Where the line containing "- 執行条件より「寄付」、「引け」、「不成」の指定が可能です。" appears below, start there and repeat each line exactly to the end. Leave the pictures out.
EXERCISE MATERIAL Block Start
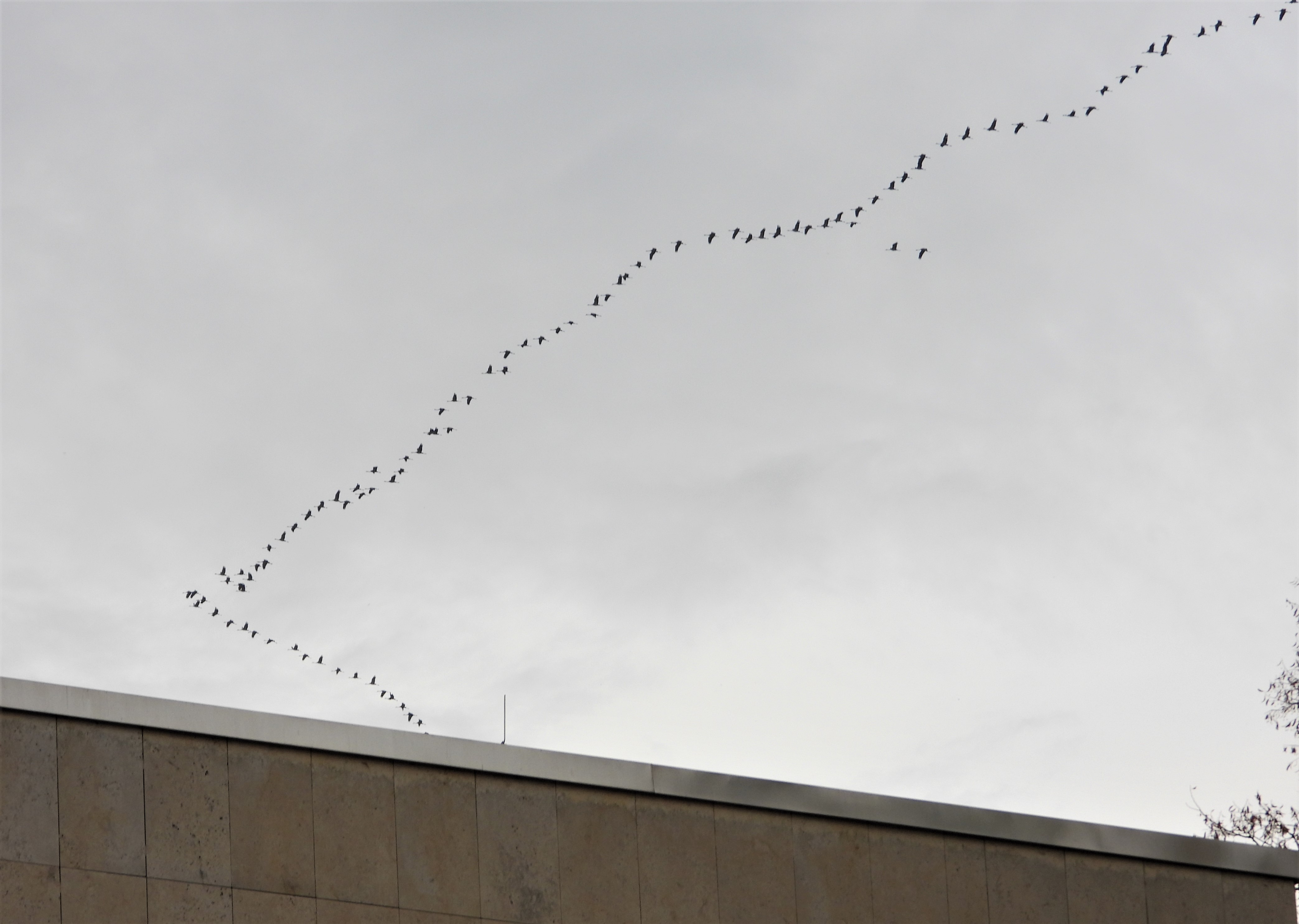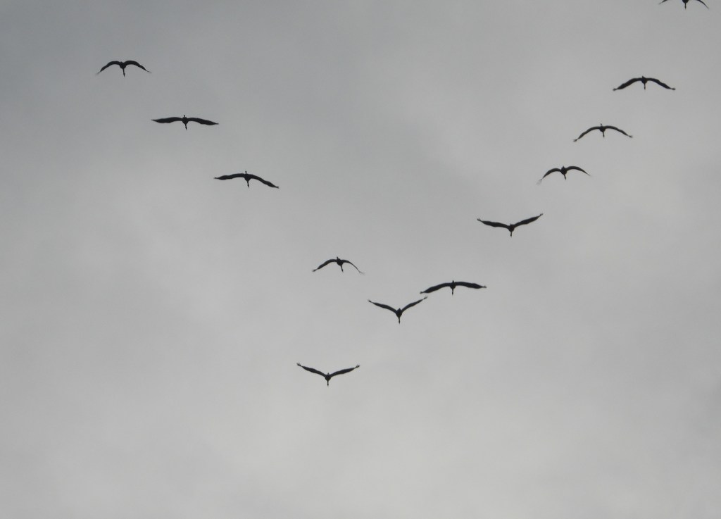 Im ersten Zug waren etwa 300 Vögel, danach kam noch ein Trupp von ca 500 Kranichen. Es ist faszinierend, die riesigen V-förmigen Formationen beim Flug zu beobachten. Die Vögel trompeten laut, um in Kontakt zu bleiben.
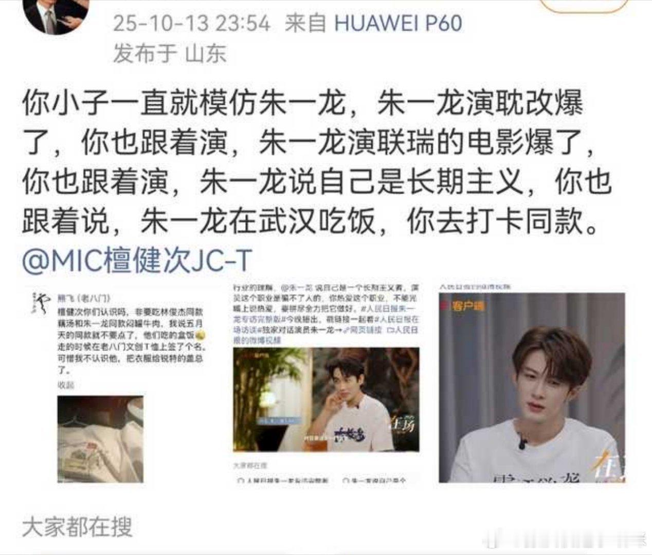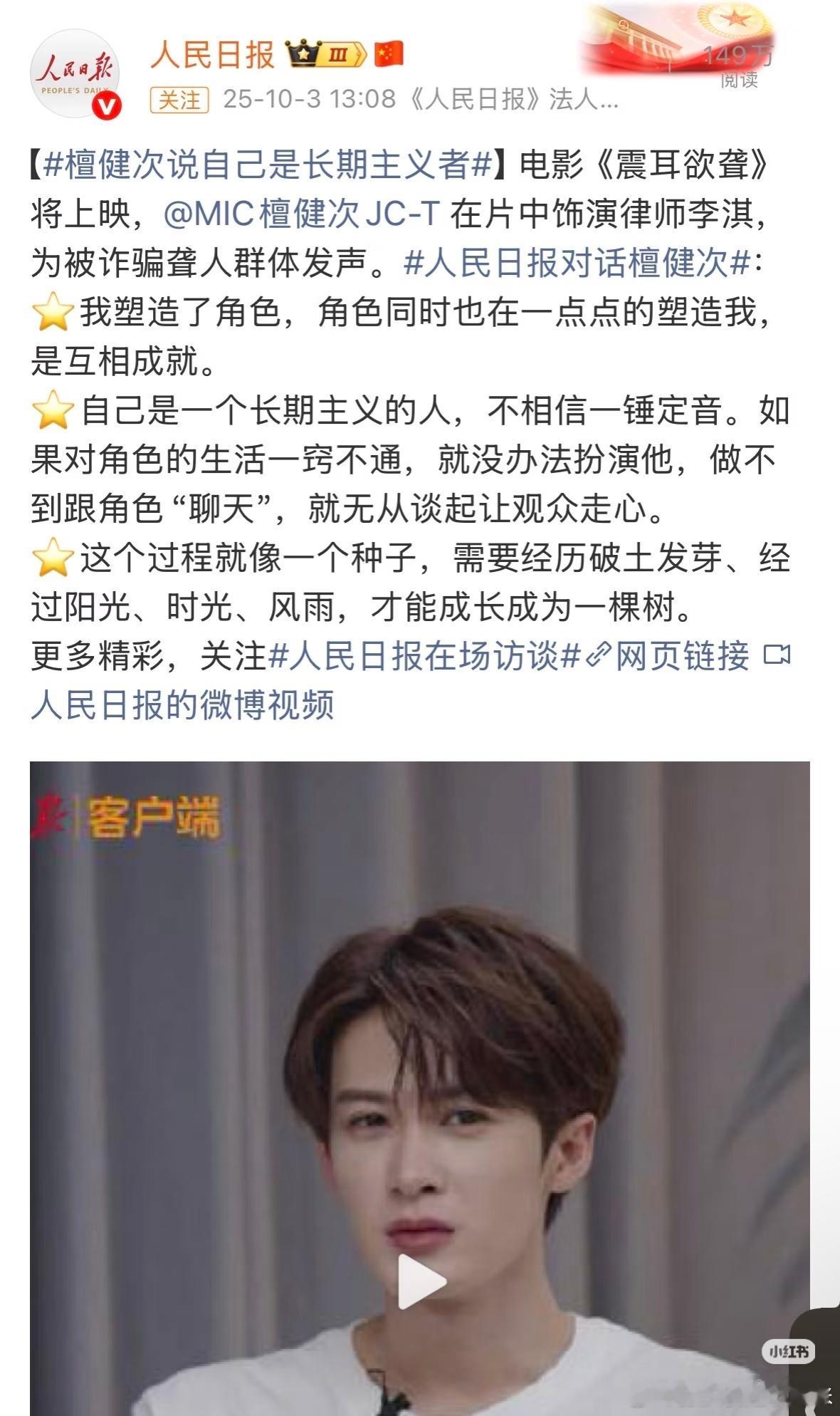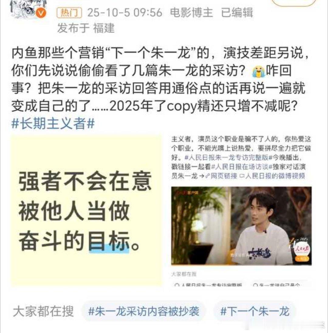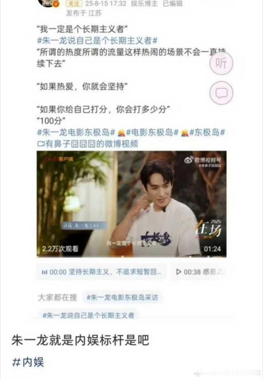 而且跟檀健次没关系啊[允悲]?人家要拉踩,他能去捂嘴啊[允悲]然后有些朱一龙粉丝就觉得檀在复刻龙的人设,举例了朱一龙在采访里说“长期主义”,说檀健次学,其实檀健次7月也说过,不过这个不重要。因为五月哪吒电影的时候也说过,长期主义这东西就不是谁的原创啊,这是一种理念,人人都可以用,朱老师用,檀老师也可以用,大家用才是真的好用[哈哈]
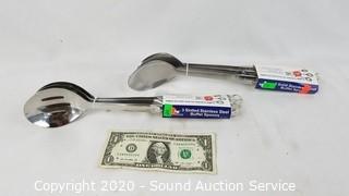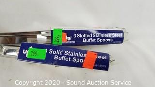 Lot #0299: 3 Solid & 3 Slotted New Stainless Buffet Spoons
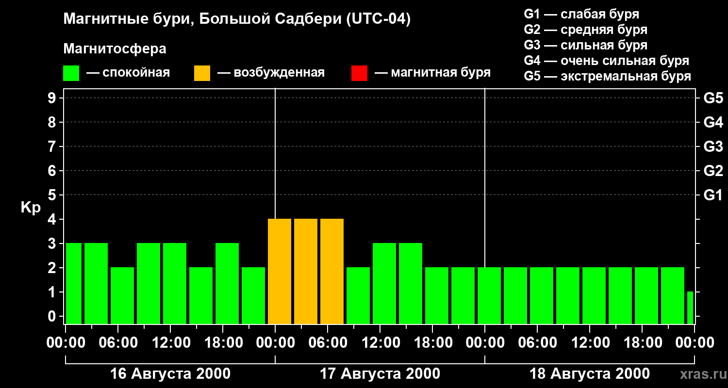 Изменения геомагнитного индекса Kp с 16 по 18 августа 2000 года для средних широт
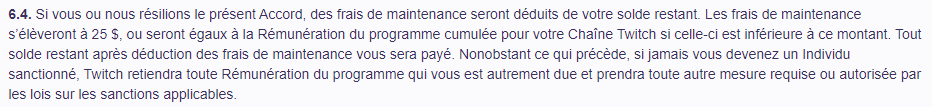 - Vous souhaitez résilier votre contrat d'affilié ou de partenaire ? Il vous en coûtera $25 de "frais de maintenance". La plateforme concurrente Kick n'a pas attendu pour proposer aux streamers qui quitteraient Twitch de prendre en charge ces frais. C'est de bonne guerre...
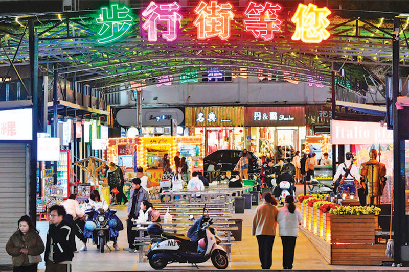 记者最近拍摄的石狮市步行街夜景。 近年来,福建泉州石狮市优化提升城市夜景,围绕夜间经济开展各类促消费活动,让城市“夜经济”更添活力。(魏培全)
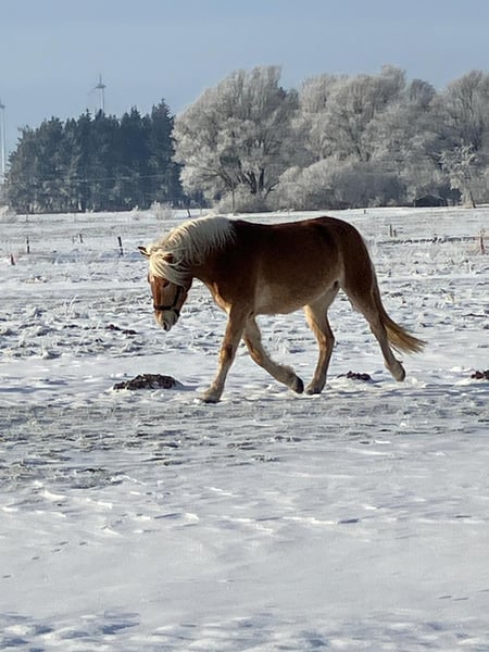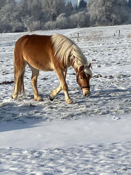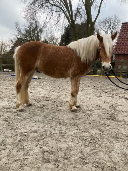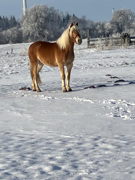 Bonar ist ein bildhübscher Haflinger-Wallach, geboren im April 2022, mit einem Stockmaß von ca. 150 cm. Er ist korrekt gebaut, kompakt und gesund und überzeugt durch sein harmonisches Gesamtbild. Bonar wuchs unter besten Bedingungen und mit viel Liebe auf und besitzt einen besonders lieben, menschenbezogenen Charakter. Er ist neugierig, ruhig, gelassen und nicht schreckhaft. Im täglichen Umgang zeigt er sich stets brav, lernwillig und aufgeschlossen und bringt ein tolles Temperament mit. Der Wallach ist sozial verträglich, steht in einer gemischten Herde und kennt die Offenstallhaltung mit großem Paddock. Beim Tierarzt, beim Schmied sowie beim Verladen ist er brav und zuverlässig, fährt Anhänger und lässt sich auch alleine problemlos verladen. Bonar ist regelmäßig geimpft und im westfälischen Pferdestammbuch eingetragen. In seiner Ausbildung ist er bereits angeritten und geht brav unter dem Sattel in allen drei Grundgangarten. Er kennt sowohl den Western- als auch den Englischsattel und zeigt sich dabei stets kooperativ und bemüht. Mit seiner positiven Einstellung, seiner Gelassenheit und seiner guten Auffassungsgabe ist er ein toller Youngster, der bei weiterer Ausbildung vielseitig einsetzbar sein wird. Bonar eignet sich ideal für jemanden, der sich gerne gemeinsam mit seinem vierbeinigen Partner weiterentwickeln möchte und dabei Wert auf Charakter, Zuverlässigkeit und Qualität legt.
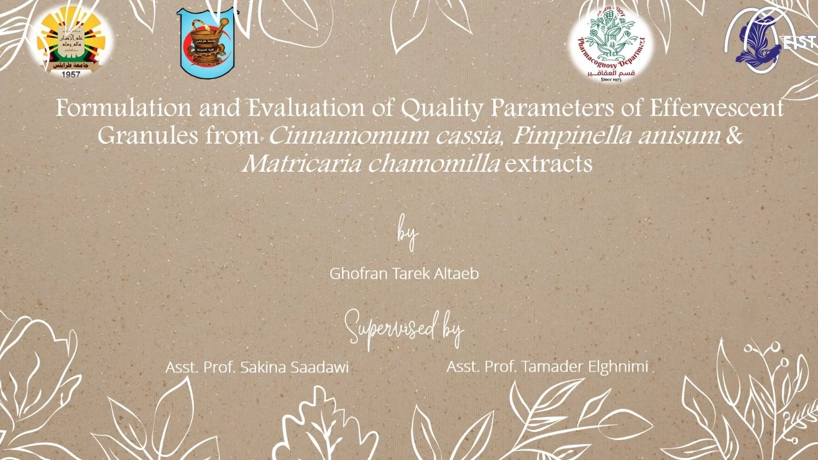 تم بفضل الله اليوم السبت الموافق 20/7/2024 مناقشة مشروع التخرج للصيدلانية:غفران طارق التائبتحت عنوان:
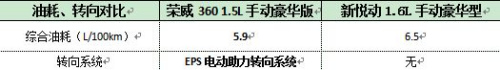 新悦动1.6L手动豪华型搭载了1.6L发动机和5速手动变速箱,综合百公里最低油耗为6.5L,且没有配备电动转向系统,仅为机械液压助力,转向轻便性和高速时的操纵稳定性比搭载EPS的荣威360稍弱。
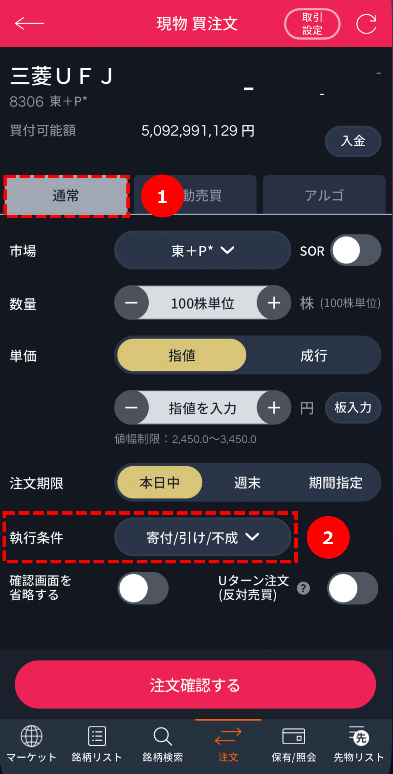 - 執行条件より「寄付」、「引け」、「不成」の指定が可能です。
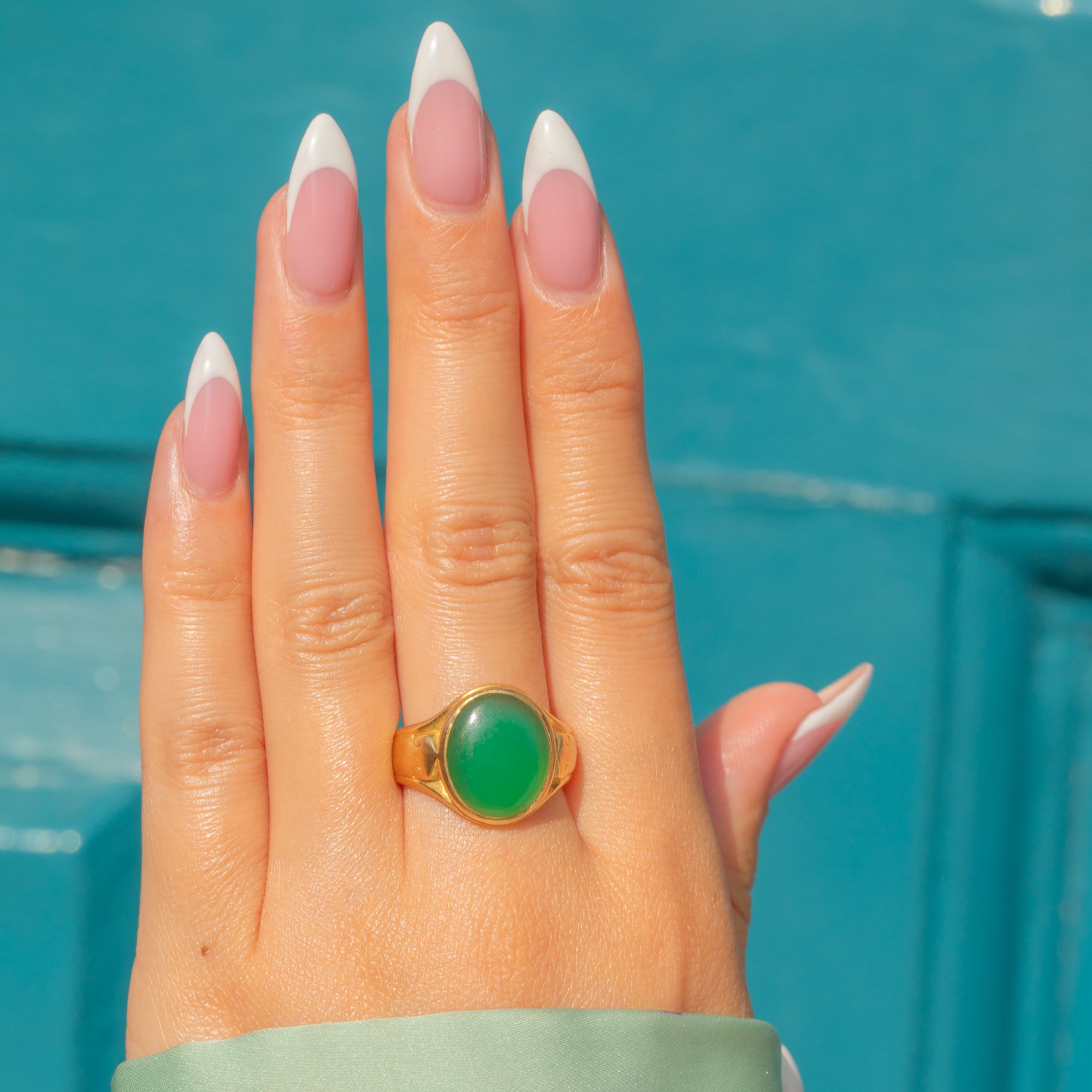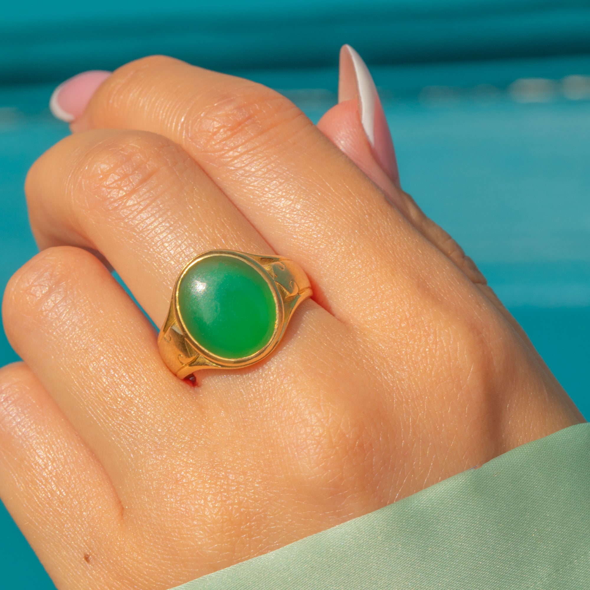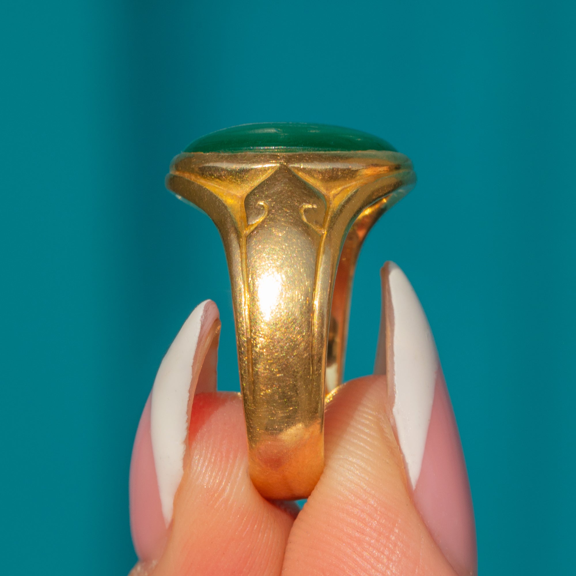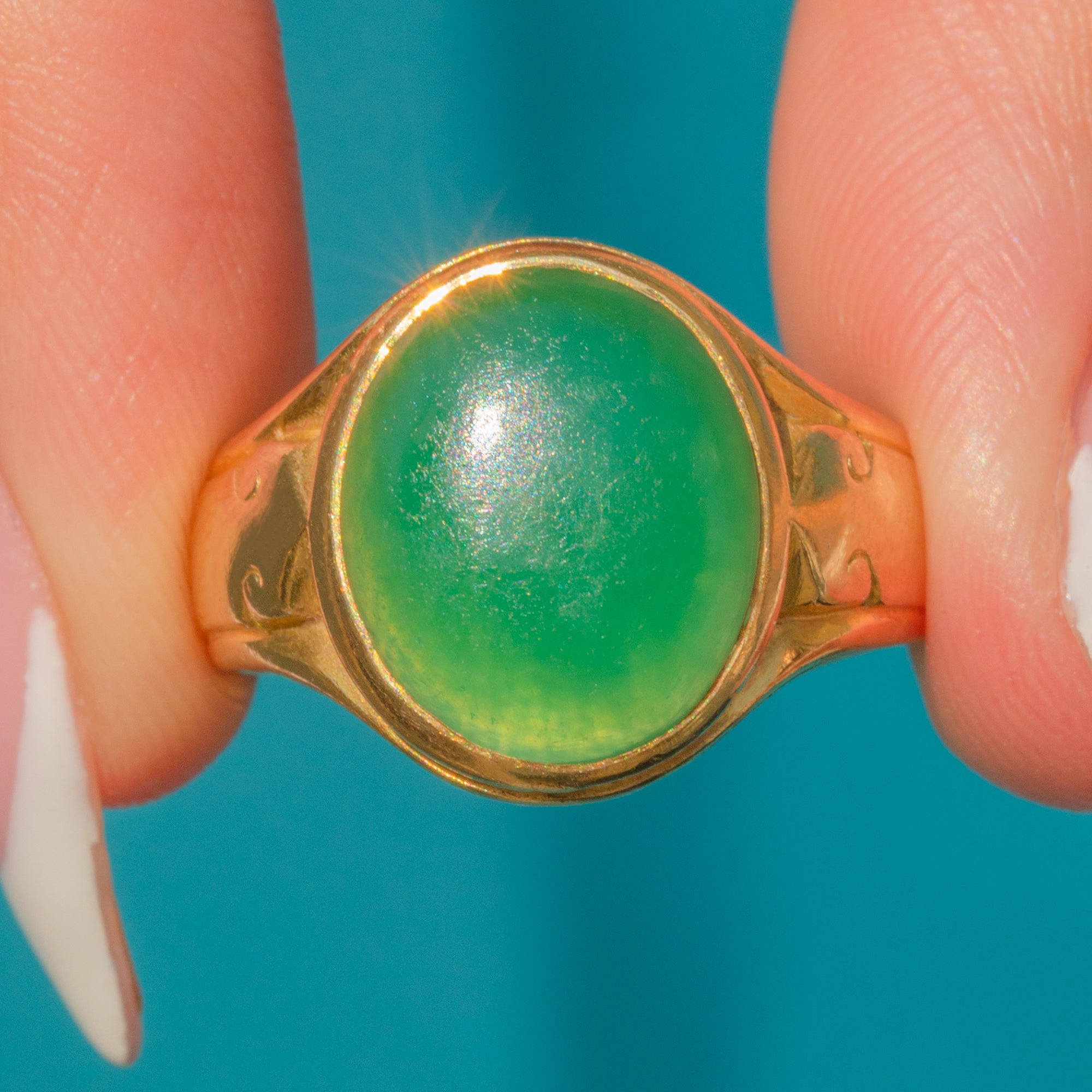 This Victorian ring features a vibrant Chrysoprase set in 18ct Gold, offering a striking pop of green in a classic antique silhouette. The richly coloured stone is the focal point, complemented by a sleek, softly domed band.
EXERCISE MATERIAL Block End
● **RESPONSE TO THIS TASK**
 - 執行条件より「寄付」、「引け」、「不成」の指定が可能です。
 This Victorian ring features a vibrant Chrysoprase set in 18ct Gold, offering a striking pop of green in a classic antique silhouette. The richly coloured stone is the focal point, complemented by a sleek, softly domed band.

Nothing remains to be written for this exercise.